BEGIN Listed entries

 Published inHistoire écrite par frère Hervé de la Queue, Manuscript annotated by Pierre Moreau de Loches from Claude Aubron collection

END Listed entries
BEGIN Listed entries

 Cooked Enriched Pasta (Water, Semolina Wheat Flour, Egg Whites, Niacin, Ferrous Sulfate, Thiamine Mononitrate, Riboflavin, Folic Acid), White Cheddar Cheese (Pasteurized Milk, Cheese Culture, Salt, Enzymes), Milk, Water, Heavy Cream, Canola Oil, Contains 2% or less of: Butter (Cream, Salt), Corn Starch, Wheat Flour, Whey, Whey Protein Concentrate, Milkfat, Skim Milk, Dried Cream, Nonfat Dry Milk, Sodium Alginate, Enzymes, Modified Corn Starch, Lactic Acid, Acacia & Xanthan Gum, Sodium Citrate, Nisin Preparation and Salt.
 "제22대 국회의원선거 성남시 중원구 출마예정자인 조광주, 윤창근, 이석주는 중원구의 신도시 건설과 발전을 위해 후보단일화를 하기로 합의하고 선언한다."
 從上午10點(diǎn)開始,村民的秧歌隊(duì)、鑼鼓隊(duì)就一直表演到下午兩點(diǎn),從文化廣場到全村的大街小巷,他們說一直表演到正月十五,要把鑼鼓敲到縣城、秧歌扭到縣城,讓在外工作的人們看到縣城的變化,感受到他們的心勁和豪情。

END Listed entries

Exercise >>
Using the data above, extract exactly the lines from the one that holds "국회의원선거 성남시 중원구" to the one that holds "從上午10點(diǎn)開始", both ends included, and no others.

Output of the task >>
 "제22대 국회의원선거 성남시 중원구 출마예정자인 조광주, 윤창근, 이석주는 중원구의 신도시 건설과 발전을 위해 후보단일화를 하기로 합의하고 선언한다."
 從上午10點(diǎn)開始,村民的秧歌隊(duì)、鑼鼓隊(duì)就一直表演到下午兩點(diǎn),從文化廣場到全村的大街小巷,他們說一直表演到正月十五,要把鑼鼓敲到縣城、秧歌扭到縣城,讓在外工作的人們看到縣城的變化,感受到他們的心勁和豪情。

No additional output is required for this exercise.